Ortholog \({{\rm{K}}}_{{\rm{a}}}\,{\rm{/}}\,{{\rm{K}}}_{{\rm{s}}}\)-GO Relationship: Average \({{\rm{K}}}_{{\rm{a}}}\,{\rm{/}}\,{{\rm{K}}}_{{\rm{s}}}\) values of 6,734 human genes across their related orthologs plotted against their number of GO terms. Each data point represents a human gene with surviving mammalian orthologs (n = 6,734). The x-axis corresponds to the number of gene ontology annotations that were found to be associated with each gene. The y-axis corresponds to a human gene’s average Ka/Ks value across its related species comparisons. The results of a gamma regression analysis indicated the association was statistically significant (p = \(8.25\times 1{0}^{-20}\)). This figure was generated using R statistical software (Version 3.5.3).

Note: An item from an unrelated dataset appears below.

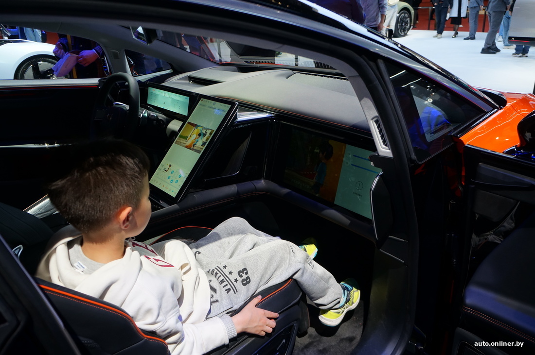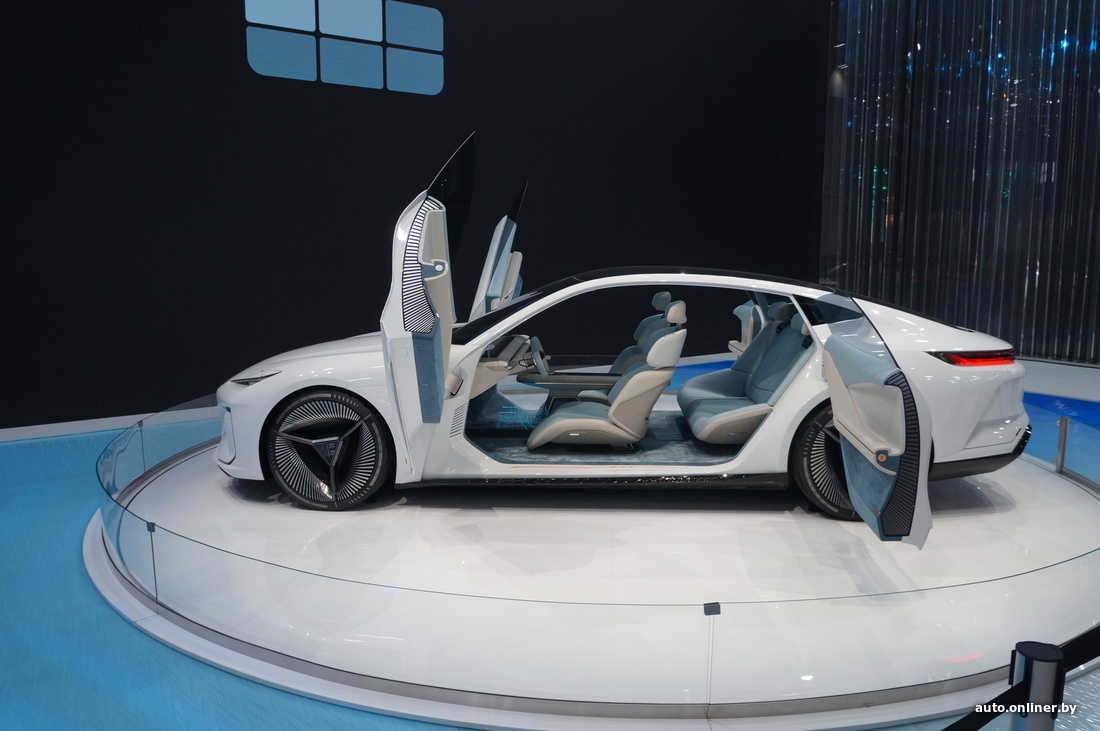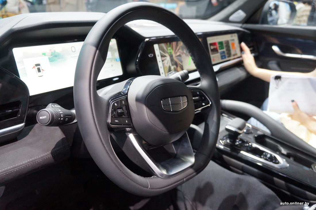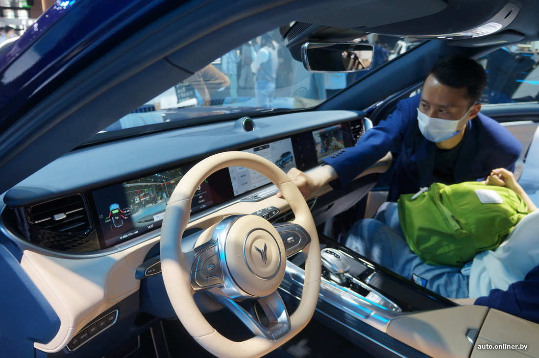 Для начала стоит сказать, что на стенде компании нельзя было найти ни одной машины, которые продаются в нашей стране. Представитель Geely дал нам четко понять: «Emgrand, Atlas, Coolray, Tugella, Monjaro, Okavango — это для экспорта. Зато посмотрите, какую красоту мы продаем здесь для своих!»

The results of this analysis suggest that genes with high functional diversity are under more intensive purifying selection than their more functionally specific counterparts. These findings parallel those showing higher levels of purifying selection on broadly expressed essential genes throughout the genome41,42,43,44,45 as well as on the Y chromosome17 and suggest an association between the two. We conclude that functional specificity and reduced expression are associated with relaxed purifying selection, suggesting that subfunctionalization of duplicated paralogs could result in differential tissue expression34,35,45,47,48,49 and accelerated protein divergence.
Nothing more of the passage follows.